With an outperforming market, several firms are climbing aboard. AT&T, Overstock, Starbucks, Microsoft, KFC Canada, and Wikipedia are some of the most popular firms accepting Bitcoin.

Two Co-head of Citigroup’s Digital Assets Quit, Planing to Launch New Crypto Startup

Two co-heads of Citigroup’s digital assets, Greg Girasole and Alex Kriete announced on Friday via their LinkedIn platform that they are leaving Citigroup to launch a new venture and would reveal more details soon.

Two top executives left the global investment bank less than a year after being appointed to be in charge of the new crypto-centred unit, which was introduced in June 2021 within Citi’s wealth management unit.

On his social media post, Kriete mentioned that he plans to commit himself full-time to build a new crypto firm but did not elaborate further details. Girasole also disclosed his departure via social media LinkedIn, saying that he and Kriete intend to establish their own blockchain-related venture.
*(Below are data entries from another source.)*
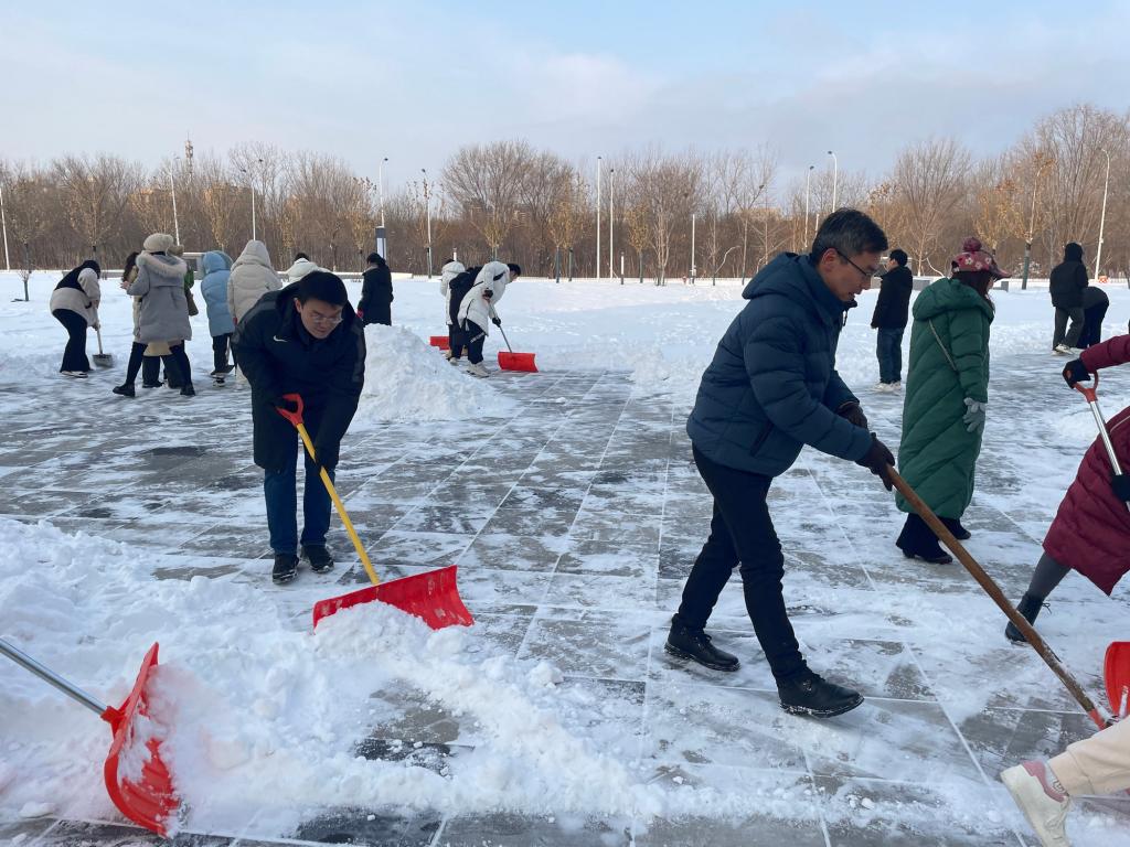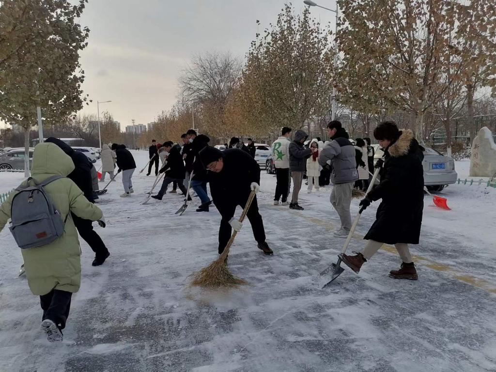 除雪现场,师生们化身校园“守护者”,纷纷行动起来,不怕苦不怕累,大家团结协作、互帮互助,手持推雪铲、铁锹等工具,有序地清理道路积雪、铲除路面结冰。师生们热火朝天地忙碌着,用火热的情怀为冬日校园增添了一股暖流,为全校师生的安全出行提供了保障。
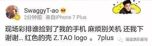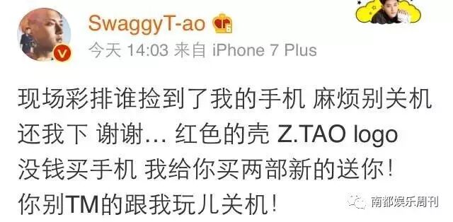 黄子韬写道“现场彩排谁捡到了我的手机,麻烦别关机,还我下谢谢…红色的壳,Z.TAO logo没钱买手机我给你买两部新的送你!你别TM跟我玩儿关机!”
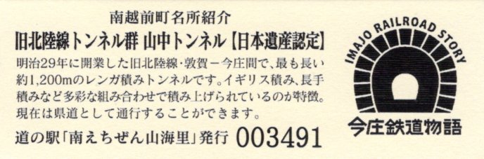 000901~001900 180円きっぷ(旧北陸線トンネル群)

The two executives stated that they would reveal more details about the new business venture in the coming weeks.

Prior to being tapped to serve as co-head of the digital assets group, Girasole was a senior vice president and president portfolio manager for Citi in Manhattan and Stanford and also held several investment positions.

Also, before Kriete was named co-head of digital assets at Citi, he held senior vice president and vice president roles in investments at the bank.
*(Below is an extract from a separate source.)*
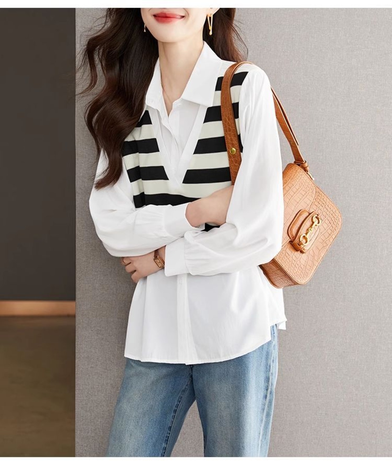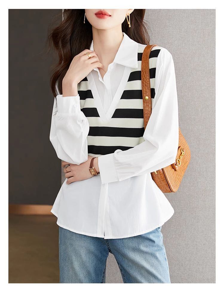 ホワイトシャツにボーダーベストを重ね着したような長袖プルオーバーブラウス。

Girasole talked about his departure and said: “After 7 years, I am leaving Citi in order to start my own venture in the digital asset space. It was at Citi where my passion for digital assets began, culminating in the opportunity to lead the effort to bring this new asset class to their Global Wealth franchise. I am proud of the foundation we set and will cheer their future success.”
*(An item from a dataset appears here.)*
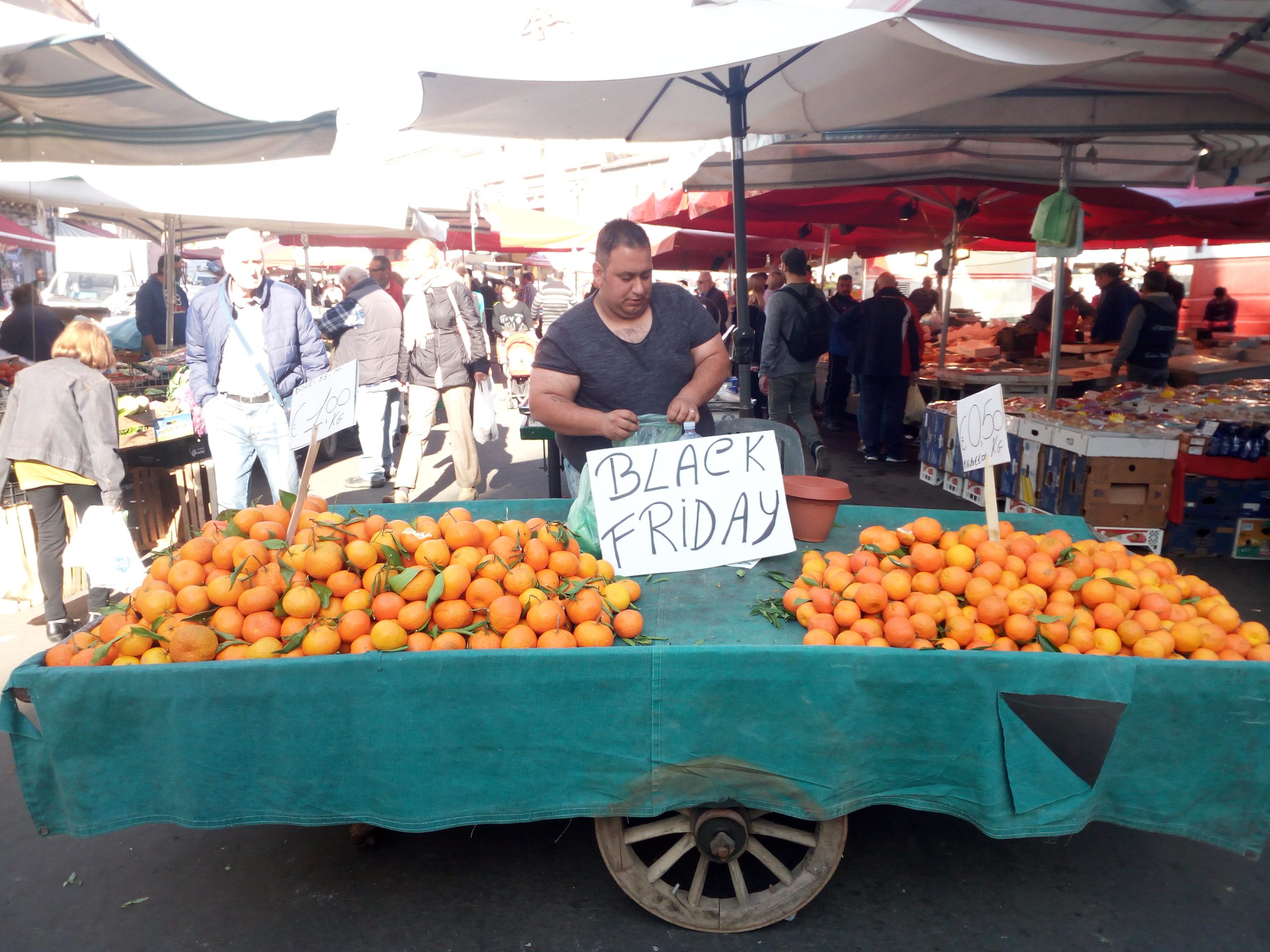Giunge domani il giorno tanto atteso da chi vuole iniziare a cimentarsi negli acquisti natalizi, usufruendo delle convenienti offerte lanciate in occasione del celebre Black Friday, il venerdì nero mutuato dagli Stati Uniti. Tradizione commerciale che segue il giorno del Ringraziamento e che ha ormai abbondantemente preso piede anche in Italia. A Catania non sono solo le vetrine di Via Etnea e Corso Italia ad annunciare l’arrivo della giornata più vantaggiosa dell’anno, ma anche la bancarella di un fruttivendolo della fera ‘o luni, in piazza Carlo Alberto. Tra i suoi mandarini e le arance, in vendita a prezzi ribassati, è spuntato il famigerato cartello: Black Friday. Stiamo parlando di Salvo Cinturino, giovane venditore ambulante noto ai catanesi e di gran fama sui social network per le sue efficaci doti comunicative. «Salvo è un grande comunicatore», commenta a tal proposito una passante intenta a fare spese.

Meanwhile, Kriete also commented about the development and stated: “After 11 years at Citi, I have decided to take on a new challenge and will be leaving the firm. Over five years ago, my personal interest and subsequent writing about blockchain-enabled digital assets (yes, “crypto”) led to an amazing network of colleagues across Citi businesses, external companies, and interested clients, and at this time I will be taking on a new challenge professionally by creating a new company in this space.”

The Crypto Economy Continues Attracting Top Wall Street Talents

Girasole and Kriete are not the only Citigroup executives that have departed the hallowed halls of traditional finance to embrace the rough and tumble world of cryptocurrency.

In March last year, Morgan McKenney, the Chief Operating Officer of Citigroup’s global consumer banking arm and an 18-year veteran of the financial giant, assumed the role of CEO for a firm known as Provenance Blockchain Foundation.

Before starting the CEO position at the blockchain firm, McKenney took a sabbatical from Citi and realized that digital assets are the future of finance. McKenney talked with more than 80 fintech entrepreneurs, venture capitalists, and innovation people, and it became clear for her that digital is disrupting financial services in foundational ways.

Financial services have always been performed through trusted intermediaries, whether telling a broker to sell stocks or instructing the bank to send money. But blockchain is changing the underlying banking infrastructure layer to allow two parties that do not know each other to agree bilaterally and settle such assets in real-time.

In November last year, another former Citi trading executive launched a $1.5 billion fund focused on investing in cryptocurrency infrastructure, blockchain protocols, and virtual worlds. Matt Zhang, an ex-Citi head of structured products trading, launched Hivemind Capital Partners, a $1.5 billion multi-strategy fund to invest in cryptocurrency and blockchain startups. The move by Zhang, a Wall Street veteran with over 14 years of experience, to establish a new crypto venture fund offered further evidence that smart money investors are pivoting to the emerging world of digital assets.